YOUR GOAL
Leave every picture out, and print the full listing again exactly.

TASK DATA
··········
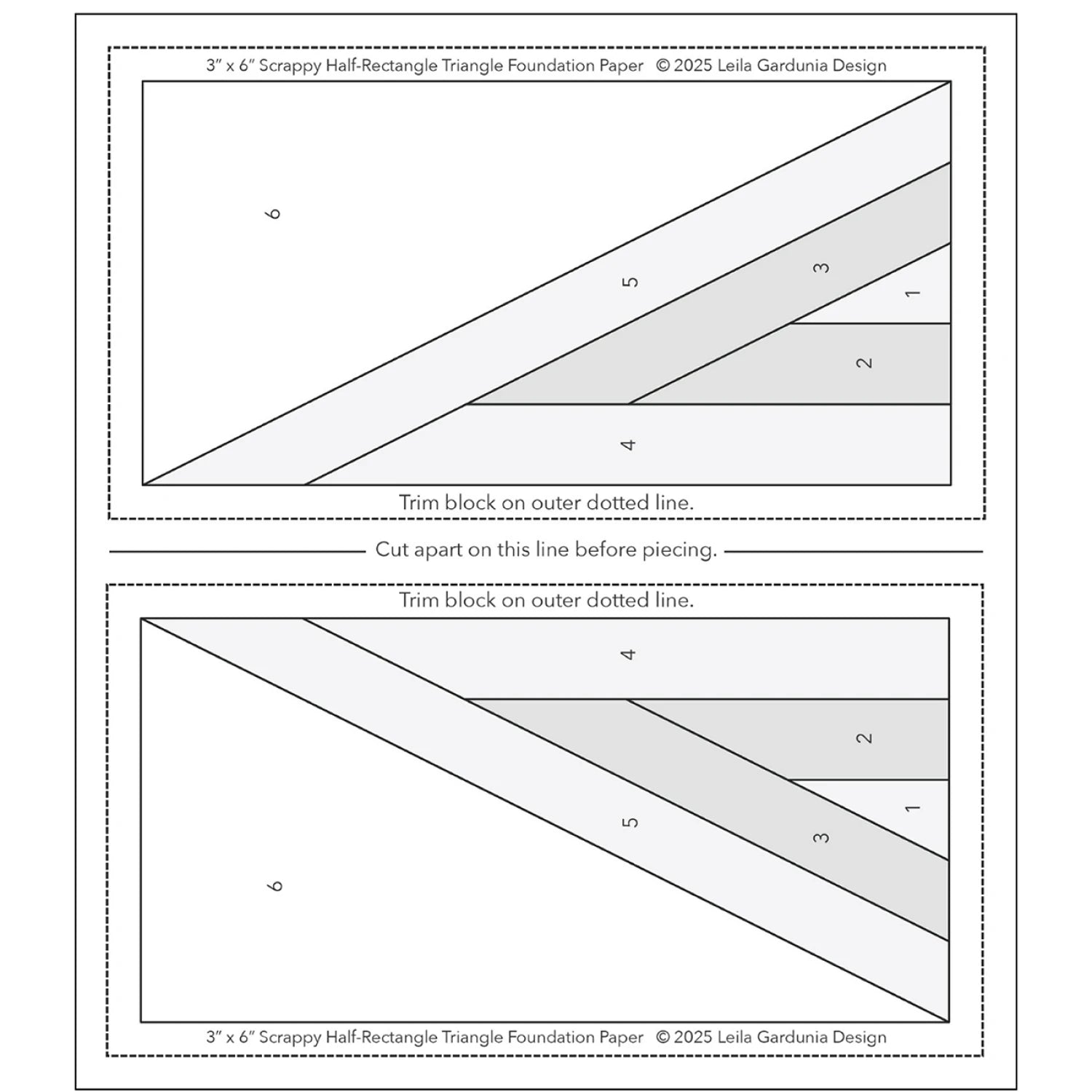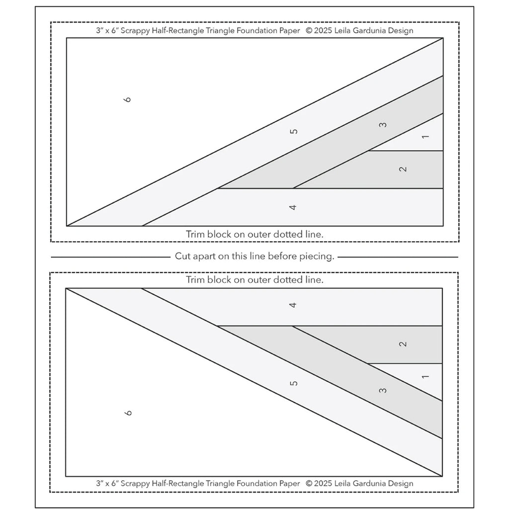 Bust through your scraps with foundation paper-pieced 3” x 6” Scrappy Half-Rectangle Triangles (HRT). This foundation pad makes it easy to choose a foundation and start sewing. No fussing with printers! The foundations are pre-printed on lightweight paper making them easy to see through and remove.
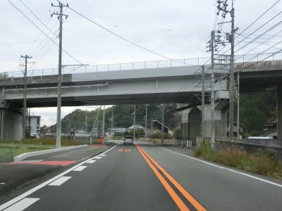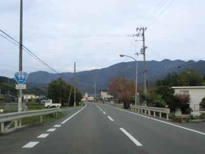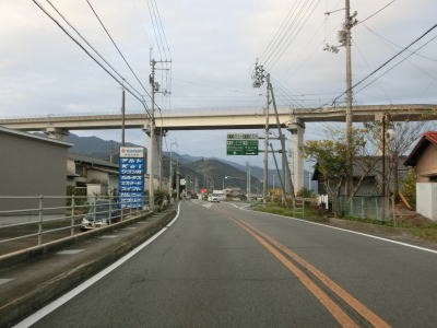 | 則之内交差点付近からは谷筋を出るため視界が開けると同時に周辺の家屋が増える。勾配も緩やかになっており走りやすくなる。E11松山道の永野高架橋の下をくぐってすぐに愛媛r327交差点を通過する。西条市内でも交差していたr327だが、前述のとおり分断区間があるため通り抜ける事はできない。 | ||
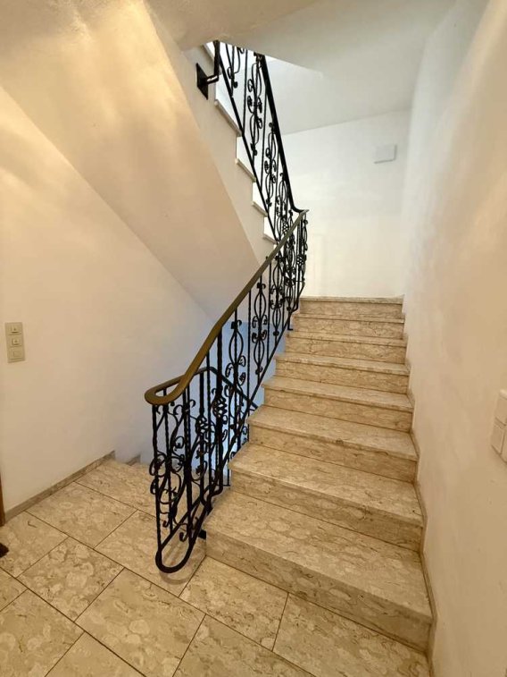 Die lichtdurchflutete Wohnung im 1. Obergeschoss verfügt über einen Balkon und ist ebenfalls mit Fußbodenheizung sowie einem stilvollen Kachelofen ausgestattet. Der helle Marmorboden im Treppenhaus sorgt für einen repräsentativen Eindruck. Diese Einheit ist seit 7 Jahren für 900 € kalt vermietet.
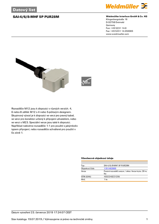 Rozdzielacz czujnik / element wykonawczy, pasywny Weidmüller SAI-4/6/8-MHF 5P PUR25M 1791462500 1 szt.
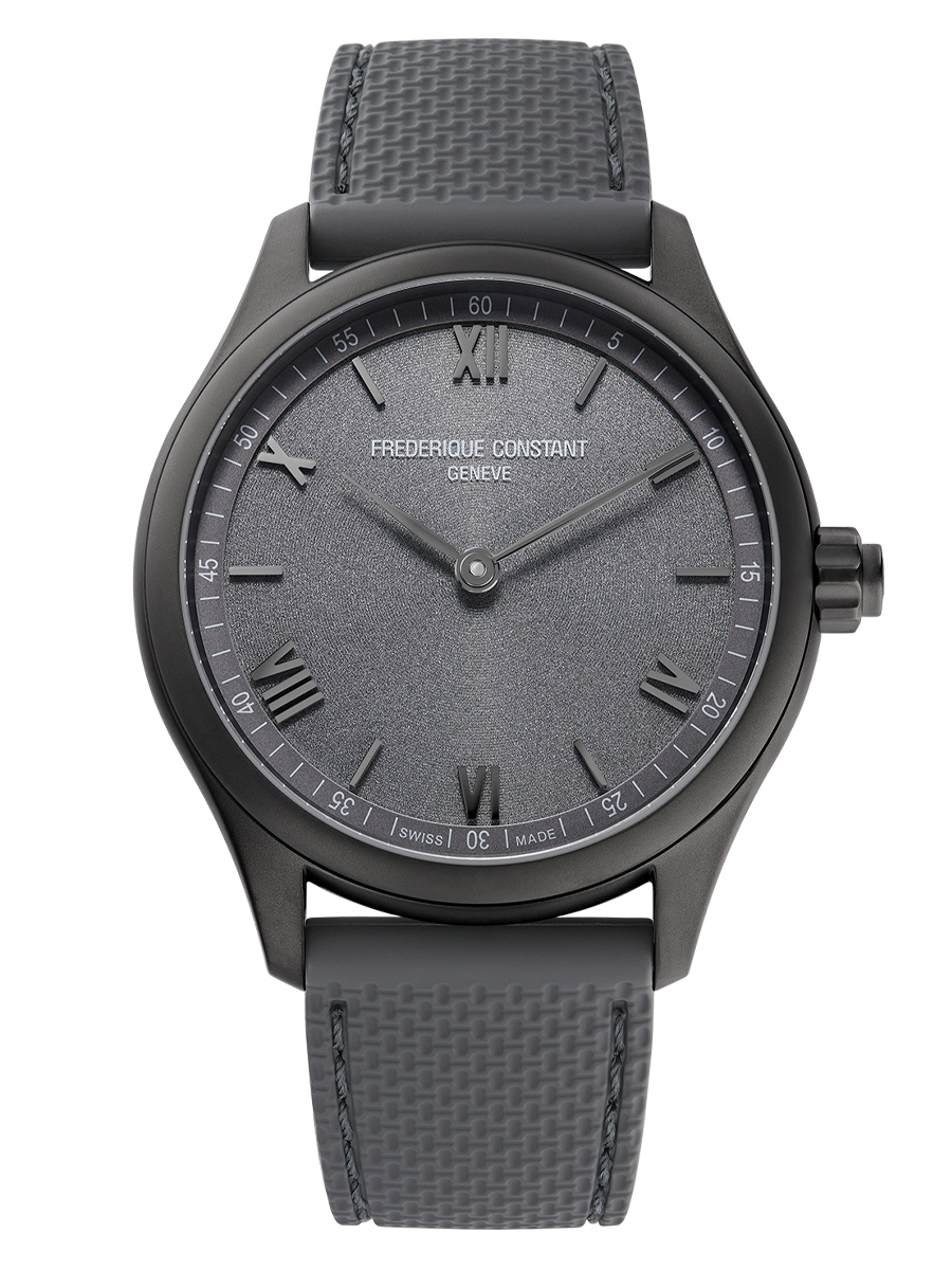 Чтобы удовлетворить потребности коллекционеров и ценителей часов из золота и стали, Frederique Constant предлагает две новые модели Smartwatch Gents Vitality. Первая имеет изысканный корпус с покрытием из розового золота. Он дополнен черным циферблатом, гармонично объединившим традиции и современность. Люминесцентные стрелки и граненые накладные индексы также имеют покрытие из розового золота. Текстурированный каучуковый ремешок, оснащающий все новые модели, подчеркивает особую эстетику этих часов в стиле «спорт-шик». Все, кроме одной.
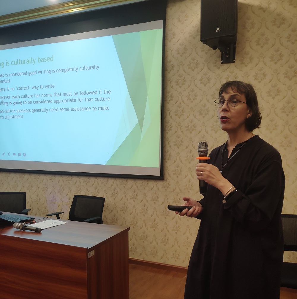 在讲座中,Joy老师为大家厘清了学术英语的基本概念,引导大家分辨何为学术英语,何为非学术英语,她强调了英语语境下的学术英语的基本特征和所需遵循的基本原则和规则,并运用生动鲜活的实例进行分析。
··········
SOLUTION TO THIS PROBLEM
 Bust through your scraps with foundation paper-pieced 3” x 6” Scrappy Half-Rectangle Triangles (HRT). This foundation pad makes it easy to choose a foundation and start sewing. No fussing with printers! The foundations are pre-printed on lightweight paper making them easy to see through and remove.
 | 則之内交差点付近からは谷筋を出るため視界が開けると同時に周辺の家屋が増える。勾配も緩やかになっており走りやすくなる。E11松山道の永野高架橋の下をくぐってすぐに愛媛r327交差点を通過する。西条市内でも交差していたr327だが、前述のとおり分断区間があるため通り抜ける事はできない。 | ||
 Die lichtdurchflutete Wohnung im 1. Obergeschoss verfügt über einen Balkon und ist ebenfalls mit Fußbodenheizung sowie einem stilvollen Kachelofen ausgestattet. Der helle Marmorboden im Treppenhaus sorgt für einen repräsentativen Eindruck. Diese Einheit ist seit 7 Jahren für 900 € kalt vermietet.
 Rozdzielacz czujnik / element wykonawczy, pasywny Weidmüller SAI-4/6/8-MHF 5P PUR25M 1791462500 1 szt.
 Чтобы удовлетворить потребности коллекционеров и ценителей часов из золота и стали, Frederique Constant предлагает две новые модели Smartwatch Gents Vitality. Первая имеет изысканный корпус с покрытием из розового золота. Он дополнен черным циферблатом, гармонично объединившим традиции и современность. Люминесцентные стрелки и граненые накладные индексы также имеют покрытие из розового золота. Текстурированный каучуковый ремешок, оснащающий все новые модели, подчеркивает особую эстетику этих часов в стиле «спорт-шик». Все, кроме одной.
 在讲座中,Joy老师为大家厘清了学术英语的基本概念,引导大家分辨何为学术英语,何为非学术英语,她强调了英语语境下的学术英语的基本特征和所需遵循的基本原则和规则,并运用生动鲜活的实例进行分析。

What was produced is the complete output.